Investors should watch the 86.02 uptrend line from the February low and the April and March lows at 85.14 to 85.01 for signs of support, O’Connor said.
New Zealand’s currency surged last week as data signaled a strengthening economy. Manufacturing expanded 3.4 percent last month, the most since July, according to the Performance of Manufacturing Index (NZPMISA) compiled by the Bank of New Zealand Ltd. and Business NZ.
Robinson, a Bloomberg strategist in Singapore, said he’s targeting a drop to 84.81 cents, which would be a 38.2 percent Fibonacci retracement of the kiwi’s rally from Feb. 4 to April 10.
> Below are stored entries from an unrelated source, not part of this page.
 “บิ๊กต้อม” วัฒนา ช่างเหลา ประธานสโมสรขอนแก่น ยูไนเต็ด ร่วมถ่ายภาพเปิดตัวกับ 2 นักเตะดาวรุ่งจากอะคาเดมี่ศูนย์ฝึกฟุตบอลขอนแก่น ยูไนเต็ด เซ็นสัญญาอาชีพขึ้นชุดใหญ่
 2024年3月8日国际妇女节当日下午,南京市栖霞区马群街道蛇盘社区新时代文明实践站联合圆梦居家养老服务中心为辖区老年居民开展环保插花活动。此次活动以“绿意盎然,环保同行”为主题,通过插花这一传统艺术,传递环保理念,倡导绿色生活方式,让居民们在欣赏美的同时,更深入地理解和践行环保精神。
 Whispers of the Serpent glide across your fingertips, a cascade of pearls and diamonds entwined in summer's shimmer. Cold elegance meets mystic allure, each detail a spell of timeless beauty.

At the same time, futures traders have increased bets that New Zealand’s dollar will rise against the U.S. currency for eight weeks, figures from the Washington-based Commodity Futures Trading Commission show.
The difference in the number of wagers by hedge funds and other large speculators on an advance in the kiwi compared with those on a drop -- so-called net longs -- climbed to 19,766 on April 8, the most since May and compared with 18,480 a week earlier.
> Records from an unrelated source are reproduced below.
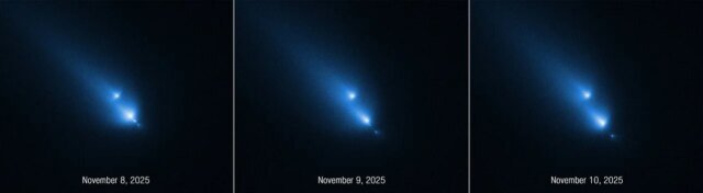 Em novembro de 2025, um cometa começou a se desintegrar em pedaços após um encontro próximo e acalorado com o Sol. Numa reviravolta do destino, o telescópio espacial Hubble estava a observar o cometa enquanto este se separava, captando a sua morte numa série de imagens.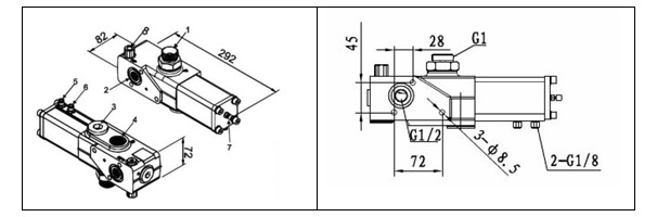 四個(gè)(上圖為3個(gè)φ8.5的孔),請(qǐng)?zhí)峁╅y的進(jìn)出油接頭的外徑(如上圖G1約
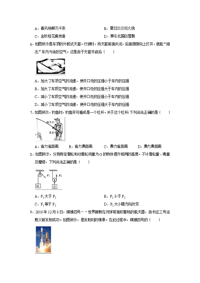 C.金秋桂花遍地香 D.寒冬北国白雪飘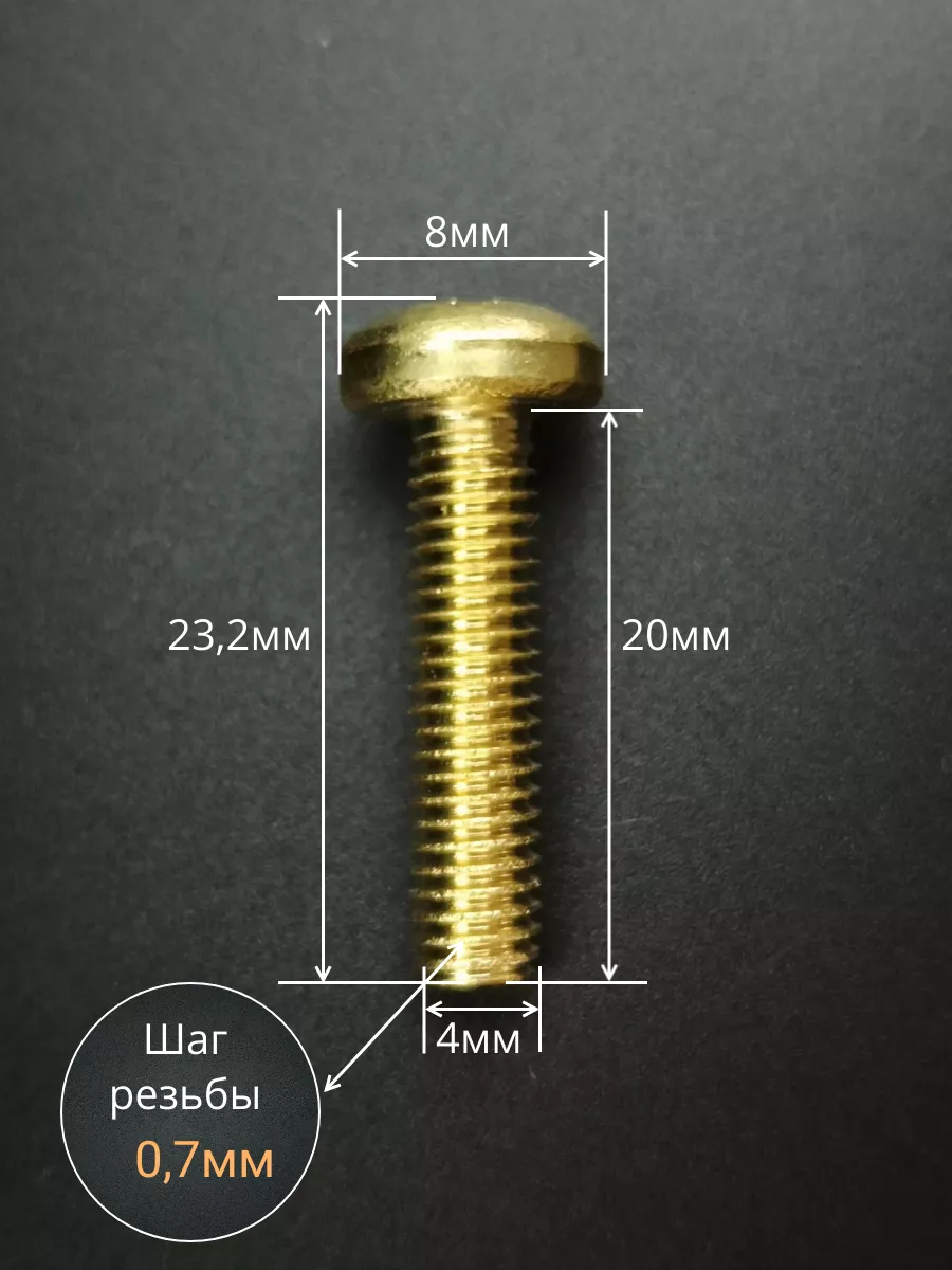 Винт 4х20 латунный с полукруглой гол. DIN7985,10 шт
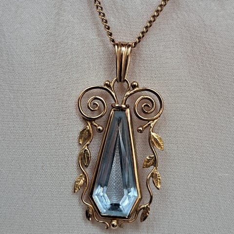 Myydään erittäin kaunis vintage-koru. Ketjun pituus 52 cm. Leimojen mukaan riipus on valmistettu vuonna 1963.

Investors have been betting on kiwi gains as surging milk production, construction and exports mean the economy is expanding faster than its capacity, stoking prices. The Reserve Bank of New Zealand, which forecasts inflation will reach the midpoint of its target band by the second quarter, last month became the first among developed nations to raise interest rates this year, signaling that more increases will follow.
Traders expecting the central bank to drive further currency gains may be disappointed, according to Imre Speizer, a market strategist at Westpac Banking Corp. in Auckland. The RBNZ is likely to ease back on increases to the official cash rate if the local dollar, which is already 3 percent above its forecasts on a trade-weighted basis, climbs much further, he wrote in a note to clients April 14.
“If the NZD exceeded the RBNZ’s forecast, and its strength was expected to persist, then the OCR would not need to rise by as much as projected,” Speizer wrote.
Westpac forecasts the kiwi will be at 86 cents at the end of the third quarter and decline to 84 cents by year-end.
Support for the currency also may fade as dairy prices decline and U.S. economic strength boosts the allure of the greenback.
Dairy prices fell yesterday for a fifth successive auction held by Fonterra Cooperative Group Ltd., the world’s biggest milk exporter, suggesting it may have to reduce its forecast payout to New Zealand farmers.
The GlobalDairyTrade Price Index dropped 2.6 percent in a two-weekly auction overnight, extending its cumulative decline in the last five events to 21.9 percent.
Investors should sell New Zealand’s currency against the euro, Steve Barrow, the head of Group-of-10 research at Standard Bank Plc in London, wrote yesterday in a client note.
Traders should buy the euro at NZ$1.5960 and sell it should the currency fall to NZ$1.5740, he said. The euro has climbed 1.2 percent over the past two days and traded at NZ$1.6094 today.